Introduce them as “an APRN student,” not “a student APRN.”

Take a positive approach and emphasize some benefits of the Preceptor - APRN student team.

  • Example: “This student will be speaking with you and examining you prior to our visit. S/he is highly skilled, and we will be working together to give you the best treatment possible.”

Reassure the client that they are getting the care they would normally receive, plus the addition of an intelligent, detail-oriented and motivated APRN student.

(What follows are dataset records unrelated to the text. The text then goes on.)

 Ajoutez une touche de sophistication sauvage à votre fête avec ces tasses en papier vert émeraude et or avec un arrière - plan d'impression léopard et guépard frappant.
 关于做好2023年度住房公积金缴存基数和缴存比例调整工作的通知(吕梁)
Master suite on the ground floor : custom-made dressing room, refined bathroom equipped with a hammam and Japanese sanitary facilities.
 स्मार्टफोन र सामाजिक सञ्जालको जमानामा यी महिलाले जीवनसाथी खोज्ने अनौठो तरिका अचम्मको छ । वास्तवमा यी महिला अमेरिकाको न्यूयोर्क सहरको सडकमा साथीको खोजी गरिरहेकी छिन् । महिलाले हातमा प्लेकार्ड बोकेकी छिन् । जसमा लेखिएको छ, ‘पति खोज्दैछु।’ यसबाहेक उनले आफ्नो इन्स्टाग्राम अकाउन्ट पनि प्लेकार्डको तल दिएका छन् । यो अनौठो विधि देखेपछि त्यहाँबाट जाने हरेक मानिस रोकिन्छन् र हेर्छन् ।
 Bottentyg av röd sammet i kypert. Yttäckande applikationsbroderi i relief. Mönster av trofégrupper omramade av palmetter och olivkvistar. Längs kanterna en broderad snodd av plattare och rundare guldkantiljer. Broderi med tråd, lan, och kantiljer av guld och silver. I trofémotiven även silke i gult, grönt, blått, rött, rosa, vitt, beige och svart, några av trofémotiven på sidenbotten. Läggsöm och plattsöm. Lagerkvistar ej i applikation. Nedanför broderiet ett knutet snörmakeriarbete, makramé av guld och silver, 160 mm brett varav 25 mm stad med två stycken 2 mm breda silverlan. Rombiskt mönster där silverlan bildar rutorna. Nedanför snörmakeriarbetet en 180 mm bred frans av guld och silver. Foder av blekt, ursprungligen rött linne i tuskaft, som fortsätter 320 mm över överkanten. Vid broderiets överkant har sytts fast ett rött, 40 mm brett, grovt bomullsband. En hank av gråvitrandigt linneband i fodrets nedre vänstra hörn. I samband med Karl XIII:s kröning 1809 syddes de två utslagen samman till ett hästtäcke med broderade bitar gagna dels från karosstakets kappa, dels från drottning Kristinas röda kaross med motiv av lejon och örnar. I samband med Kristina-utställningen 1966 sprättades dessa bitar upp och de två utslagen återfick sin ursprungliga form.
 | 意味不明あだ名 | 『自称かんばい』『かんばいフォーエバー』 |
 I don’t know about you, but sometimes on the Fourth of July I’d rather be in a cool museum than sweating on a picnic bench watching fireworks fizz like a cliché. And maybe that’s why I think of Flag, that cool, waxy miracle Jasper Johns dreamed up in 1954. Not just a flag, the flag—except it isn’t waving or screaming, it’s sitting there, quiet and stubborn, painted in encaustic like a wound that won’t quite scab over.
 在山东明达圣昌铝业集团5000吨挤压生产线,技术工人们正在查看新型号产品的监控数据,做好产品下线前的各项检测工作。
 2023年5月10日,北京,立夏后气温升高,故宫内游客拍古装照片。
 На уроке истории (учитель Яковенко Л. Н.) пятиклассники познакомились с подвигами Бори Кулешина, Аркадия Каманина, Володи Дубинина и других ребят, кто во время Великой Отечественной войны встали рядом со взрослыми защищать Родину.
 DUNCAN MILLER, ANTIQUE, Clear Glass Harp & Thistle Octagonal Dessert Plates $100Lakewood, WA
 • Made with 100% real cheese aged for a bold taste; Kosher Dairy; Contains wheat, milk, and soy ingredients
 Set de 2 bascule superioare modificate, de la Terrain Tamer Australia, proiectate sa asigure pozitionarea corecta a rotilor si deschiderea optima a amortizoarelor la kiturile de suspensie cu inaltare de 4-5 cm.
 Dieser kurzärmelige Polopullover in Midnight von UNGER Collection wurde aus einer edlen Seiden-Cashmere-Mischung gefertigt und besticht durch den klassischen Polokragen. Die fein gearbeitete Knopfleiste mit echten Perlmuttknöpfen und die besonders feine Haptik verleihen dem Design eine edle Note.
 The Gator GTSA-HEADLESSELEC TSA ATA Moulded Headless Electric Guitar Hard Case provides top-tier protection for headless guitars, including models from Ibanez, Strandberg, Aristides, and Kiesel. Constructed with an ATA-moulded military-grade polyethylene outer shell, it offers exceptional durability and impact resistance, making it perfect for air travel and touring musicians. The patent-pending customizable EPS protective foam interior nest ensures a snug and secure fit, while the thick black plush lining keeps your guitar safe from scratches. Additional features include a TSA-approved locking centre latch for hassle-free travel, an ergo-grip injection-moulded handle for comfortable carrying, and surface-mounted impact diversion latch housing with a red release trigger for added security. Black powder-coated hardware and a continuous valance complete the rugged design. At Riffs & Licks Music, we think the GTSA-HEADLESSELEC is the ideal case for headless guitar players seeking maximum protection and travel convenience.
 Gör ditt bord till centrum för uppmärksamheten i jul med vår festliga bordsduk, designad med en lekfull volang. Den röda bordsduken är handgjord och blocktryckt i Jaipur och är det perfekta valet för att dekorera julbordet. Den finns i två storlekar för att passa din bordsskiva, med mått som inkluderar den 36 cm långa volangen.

  • Example: “I have an APRN student working with me. I am going to have her/him begin asking questions and complete the physical exam, and then I will be back in…”
  • Example: “An APRN student is working with me today. Together, we are going to begin the history, but I am going to have her/him take the lead. I am available to her/him and to you at all times.”

Additional comments you might make:

  • Tell the client that they were chosen specifically to give the APRN student an opportunity to learn, and you will be there every step of the way.
  • Describe the APRN student as providing “a fresh set of eyes.”
  • Remind the client that the APRN student is an experienced RN.

Clients may always refuse. If this happens, remind the student that it does not reflect on their skills or abilities.